Day 4: We were supposed to climb a Flatiron with Timmy Oneil but Rowan felt sick all morning and we had to abort that mission. We ended up hiking in Morrison and explored the dinosaur tracks and fossils. Then we stopped at my old place in Golden and rested until Rowan felt better. In no time we were on Clear Creek playing on the river and in the park. After lunch we bought some new shoes for Rowan since his sneakers were beat. Since Earthtreks Golden was so close we popped in for a session and hung out with the great Charlie Mace and Dan Mirsky. I belayed my boys until they couldn’t do routes anymore and then they bouldered until they were pooped. After a little WWE wrestling on the mats we made a huge chicken and rice dinner and pulled weeds in the front yard of my old roommates place.

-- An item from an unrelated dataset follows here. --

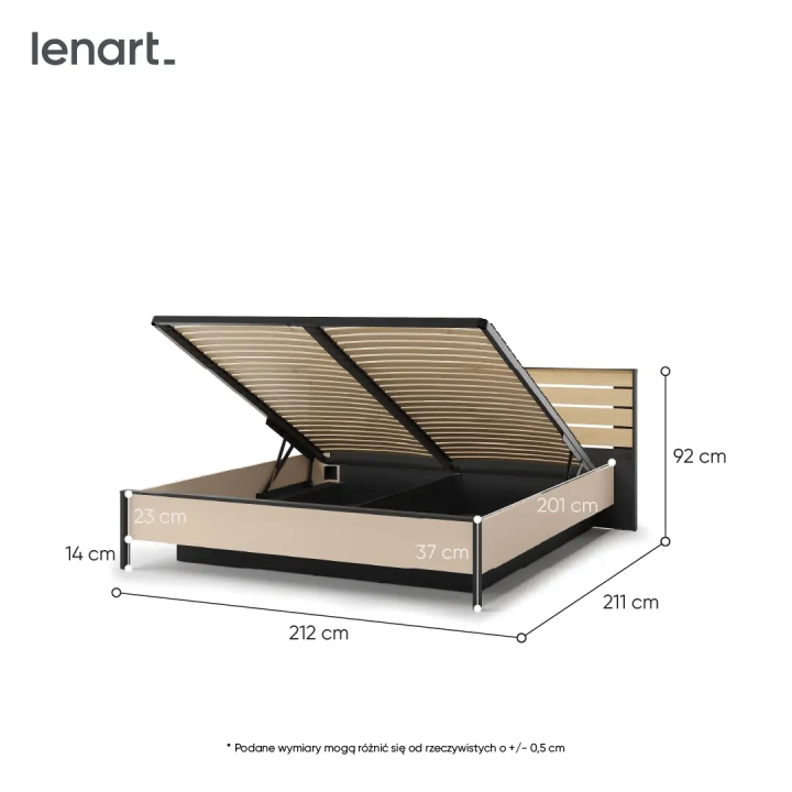 The 212 cm wide, 211 cm deep and 92 cm high body has been made from laminated board, with ABS edging finishing the edges. The frame and tops of the bed are also made of laminated chipboard and MDF strips, which translates into a solid construction. A bedding container is an element which supports daily use, which is ideal when space is limited.

Day 5: Going to climb in Eldo with the boys and take them on a multipitch cause it’s supposed to rain in town and we don’t have them time to do the whole Flatiron. Then it will be off to SCARPA to visit the North American headquarters and bs with the crew.

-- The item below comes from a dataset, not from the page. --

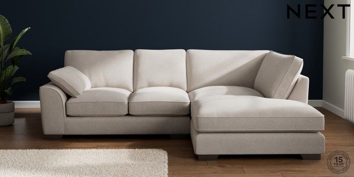7.3.1 Buy Stamford Grand Relaxed Sit Medium Corner Chaise - Right Hand Chunky Chenille Oyster Large Square Angle - Gunmetal from the Next UK online shop Click here to use our accessible website

Day 6: Waterworld, need I say more. Every kid should get to go there at least once a summer. I vow to make that happen for my boys and Thursday will be that day.

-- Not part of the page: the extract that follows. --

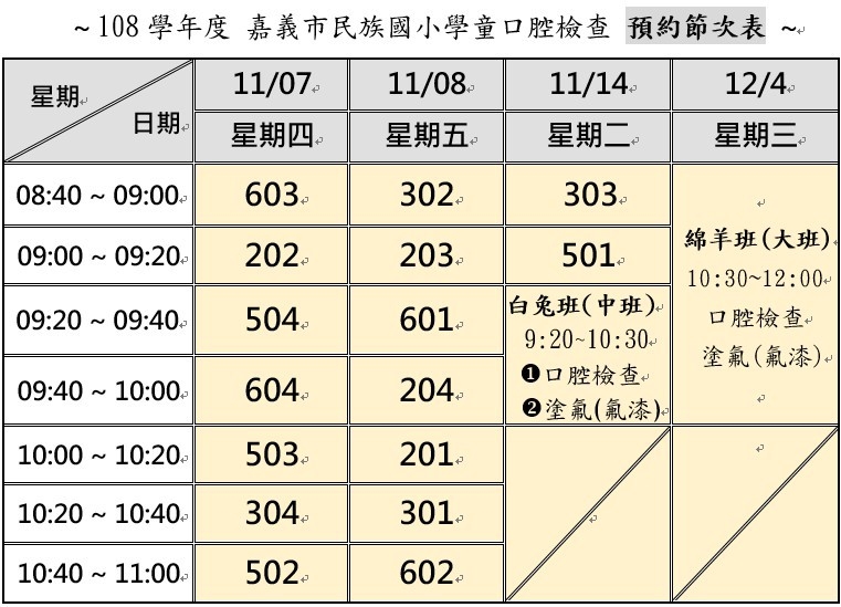 5.因上述檢查安排為配合校牙醫看診時間,造成老師們不便~敬請體諒!

Day 7: Fly to Ohio to see the family. Let the good times roll.
See you all soon.
It is finally here. Another year in the books teaching high school. I have 15 years teaching under my belt at this point and can’t believe how quickly school years fly by.
This summer I have a few plans. As usual, I will head to Ohio with my kids to visit my family. I will also take a climbing trip to Europe and try to climb a few mountains and big walls if the weather cooperates. Then I will head to the Arcteryx Climbing Academy in Squamish to teach and climb a few pitches. After that it is the Outdoor Retailer trade show time in Denver. Finally, after all that work begins again at my high school. Once back, I will have to design new curriculum, help train the two new science teachers at my school and meet about 150 new learners.
In the meantime, I will go camping, fish, hike, swim and play in the mountains with my boys and try to enjoy the down time between teaching. Today was my last day and I was so tired that I felt like I couldn’t even enter the final grades in the computer. A task that is so simple, felt overwhelming at the end of the year. I will recover in a few days and be excited again, but right now I am beat.
If you are in Cleveland in June, look me up I will be hanging with my parents and training at the Cleveland Rock Gym at night. If you are in the Dolomites in July, drop me a line and maybe we can meet up on a big wall and trade some belays! And if you are in Squamish in mid July take a class withe me and find out why I break cams.
Looking forward to the rest of 2018 because the first half has worn me down.